The 2013 federal budget, tabled on March 21, 2013 (Budget 2013), includes various measures relating to indirect taxation and customs that may provide relief to businesses. Here are some selected highlights.

GST/HST New Pension Plan Rules

Current GST/HST rules deem employers that participate in a registered pension plan to have made a taxable supply, and to have collected the GST/HST in respect of that same taxable supply, when they acquire, use or consume property or services for use in activities relating to a pension plan. On the other hand, employers are also required to account for GST/HST on all actual taxable supplies made to a pension entity under the general GST/HST rules. To the extent that these rules result in double accounting for tax, the employer is allowed to make a tax adjustment to its net tax such that tax is only remitted once.

Budget 2013 purports to simplify employer compliance by permitting employers to elect jointly with a pension plan entity to deem that a supply is made for no consideration where tax is also accounted and remitted in respect of the deemed taxable supply. This measure will apply to actual supplies made after March 21, 2013.

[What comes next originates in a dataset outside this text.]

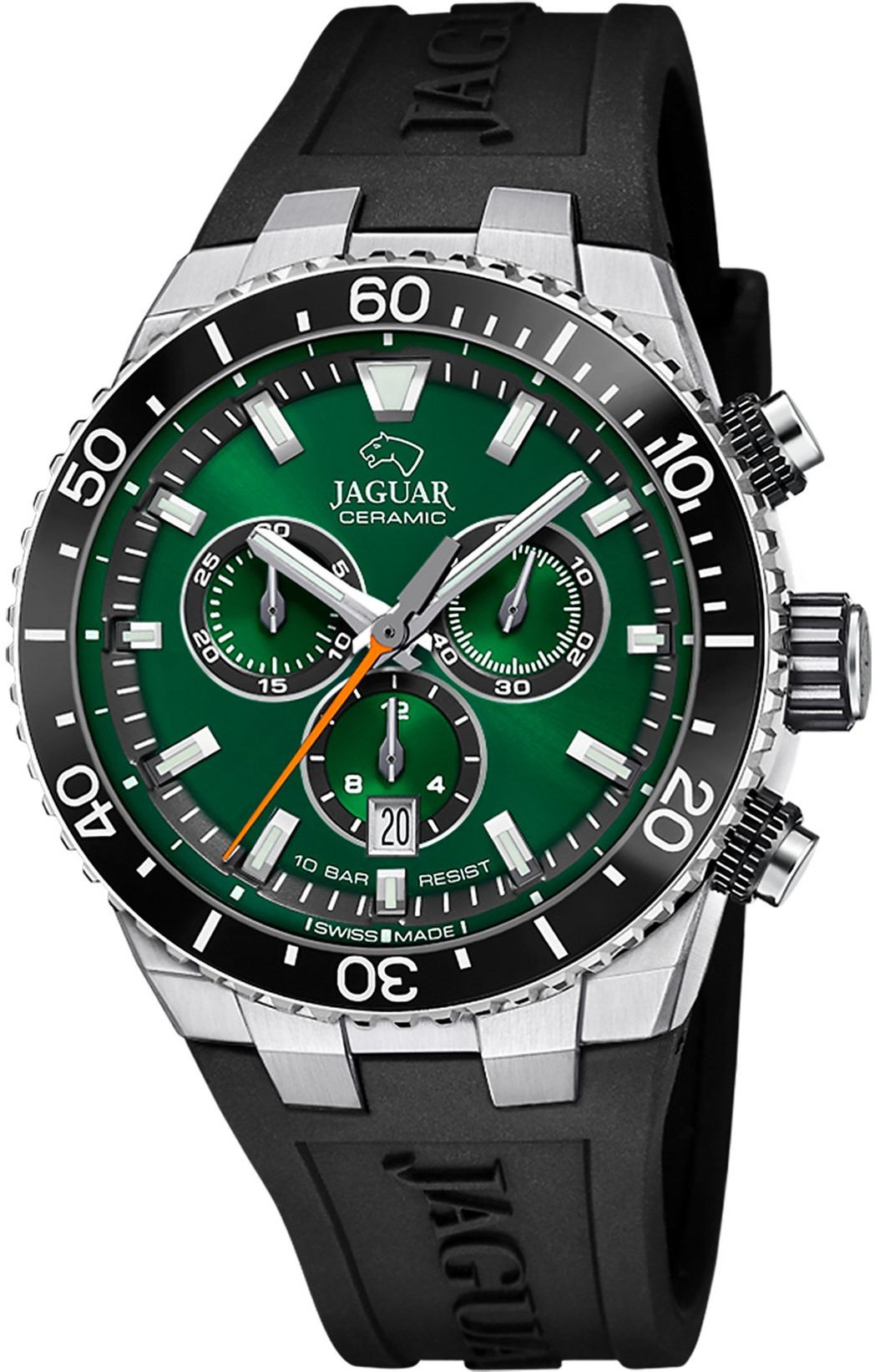 Jaguar Ceramic J1021/2 jsou pánské sportovní bateriové hodinky na černém kaučukovém řemínku s trnovou sponou. Pouzdro z nerezové oceli má průměr 44,8 milimetru a otočnou lunetu s černou keramickou vložkou s minutovou stupnicí. Zelený číselník s efektem slunečního brusu, ukazatelem data a stopkami je chráněn odolným safírovým sklem s antireflexní vrstvou. Ručičky a indexy pokrývá luminiscenční nátěr, který po nasvícení garantuje perfektní čitelnost za zhoršených světelných podmínek. Pohon hodinek zajišťuje švýcarský quartzový strojek Ronda 5030D. S vodotěsností 10 ATM jsou hodinky vhodné pro plavání a šnorchlování.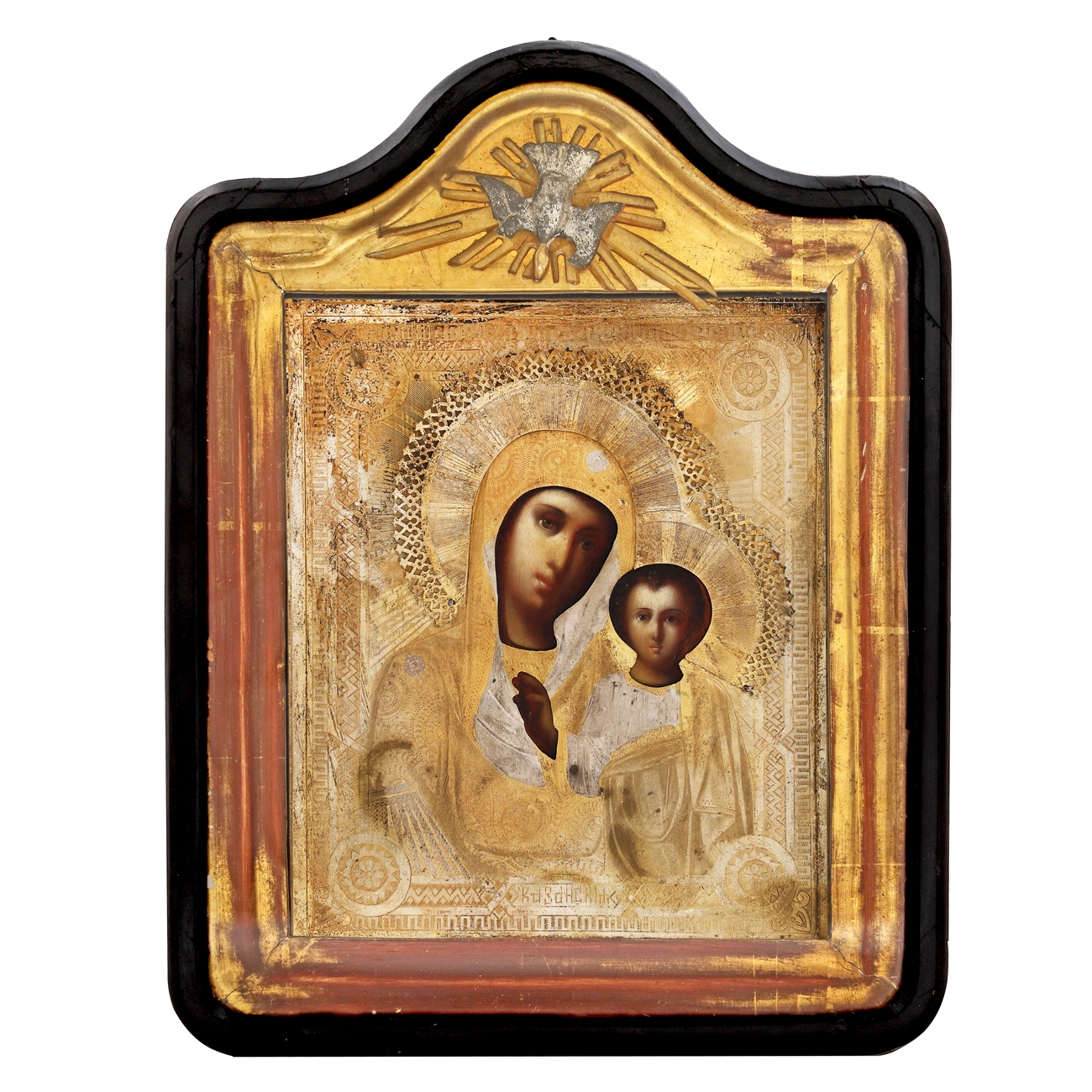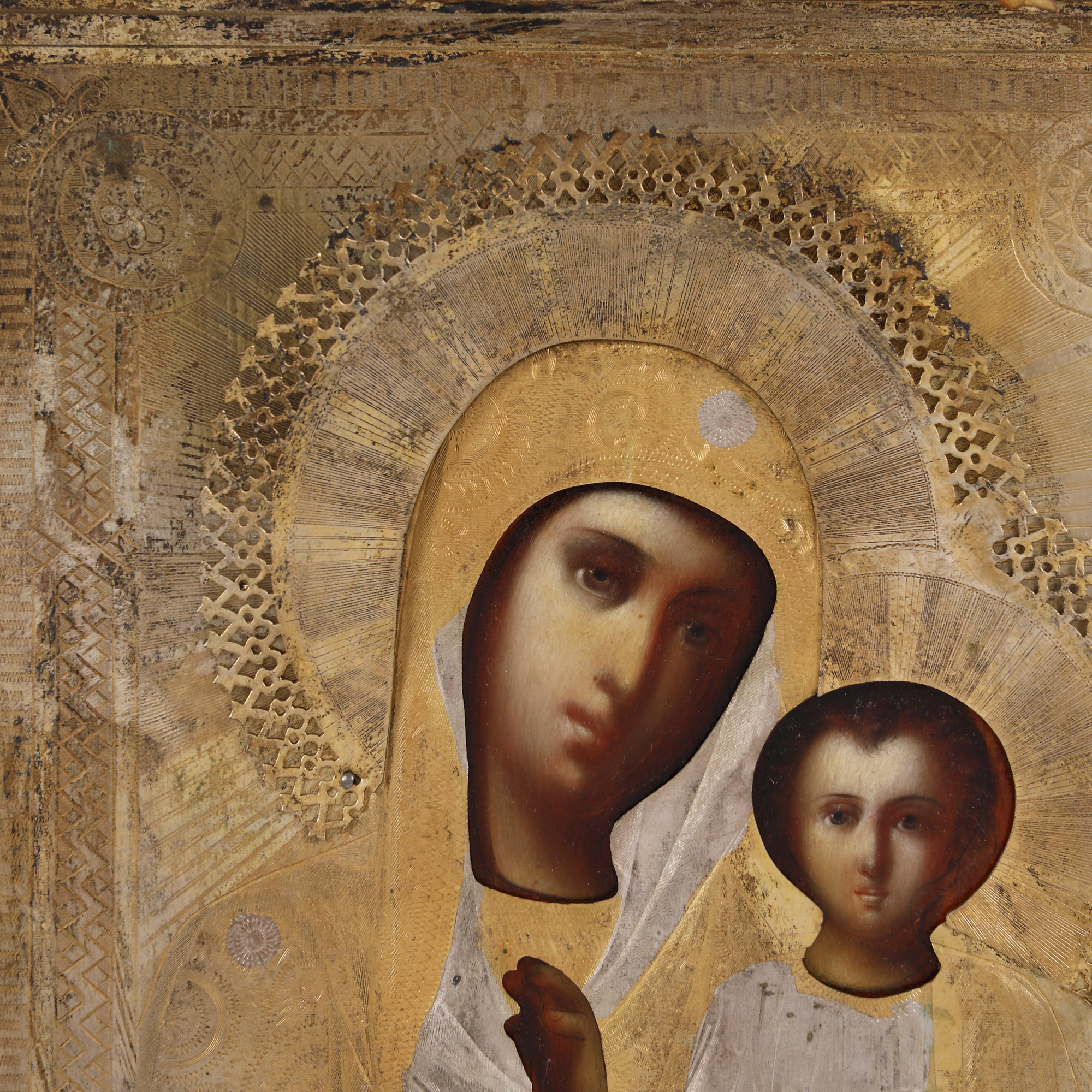 61. Icoană pe lemn, cu ferecătură, "Maica Domnului cu Pruncul", școală rusească, sfârșitul sec. XIX

Budget 2013 also proposes that employers participating in a registered pension plan be fully relieved from accounting for tax under the deemed supply rules where the amount of GST (and federal component of the HST) required to be accounted for under such rules for the preceding fiscal year is less than each of (i) $5,000; and (ii) 10% of the total net GST (and the federal component of the HST) paid by all pension entities of the pension plan in that preceding fiscal year. An employer will not be entitled to benefit from the foregoing relief in a given year if the joint election referred to above is in effect for that year.

To the extent that the foregoing thresholds are not met for the preceding fiscal year, partial relief may still be available in respect of so-called "internal pension activities" (e.g. time spent by an employee for determining the employer's pension contribution deductions). In this respect, an employer would be relieved from its obligations under the deemed supply rules with respect to its "internal pension activities" where the amount of GST (and the federal component of the HST) pertaining to the application of those rules to "internal pension activities" for the preceding fiscal year is less than each of (i) $5,000; and (ii) 10% of the total net GST (and the federal component of the HST) paid by all pension entities of the pension plan in that preceding fiscal year. The employer will still be entitled to benefit from such relief in a given year even if the joint election referred to above is in effect for that year. This measure will apply in respect of any fiscal year of an employer beginning after March 21, 2013.

Customs Tariff Measures

As previously announced in a notice published in the December 22, 2012 edition of the Canada Gazette, Part I, Budget 2013 proposes to disqualify higher-income and export-competitive countries (including all G-20 countries) from Canada's General Preferential Tariff (GPT) regime by introducing new economic eligibility criteria that will be applied every two years to determine country eligibility. As we indicated in a previous Tax Law Update, the proposed amendments to the GPT regime could trigger an increase in tariffs on imported goods from more than 70 different countries. Importers should conduct a thorough review of their imports in order to determine whether the proposed measures will affect them.

However, Budget 2013 also seeks to ensure that the foregoing measure will not reduce tariff benefits conferred by the Least Developed Country Tariff (LDCT) regime by maintaining duty-free importation of textiles and apparel imported from least developed countries, even where such goods are produced using textile inputs from countries that are currently GPT beneficiaries. These measures will be effective in respect of goods imported on or after January 1, 2015.

Additionally, businesses carrying activities in the apparel and sports equipment industries should be aware that Budget 2013 proposes to eliminate duties on 37 different tariff items such as baby clothes and sports equipment (excluding bicycles). The Most-Favoured-Nation (MFN) rates for these goods will be reduced to "Free" in respect of all imports effective as of April 1, 2013. The reduction of the MFN rates for these items will consequently result in the reduction of the duty rates applicable under other tariff treatments.

Trade Remedy System

In order to increase the efficiency of Canada's trade remedy system and investigations (anti-dumping and countervailing measures), Budget 2013 proposes to withdraw dumping and subsidy investigative functions from the Canada Border Services Agency (CBSA). Consequently, the CBSA shall no longer oversee dumping and subsidy investigations and the Canadian International Trade Tribunal will act as both the investigative and adjudicative body with respect to overseeing trading practices and sanctioning unfair trade.  

The author would like to thank Philippe Kattan and Nicolas Désy for their collaboration in writing this article.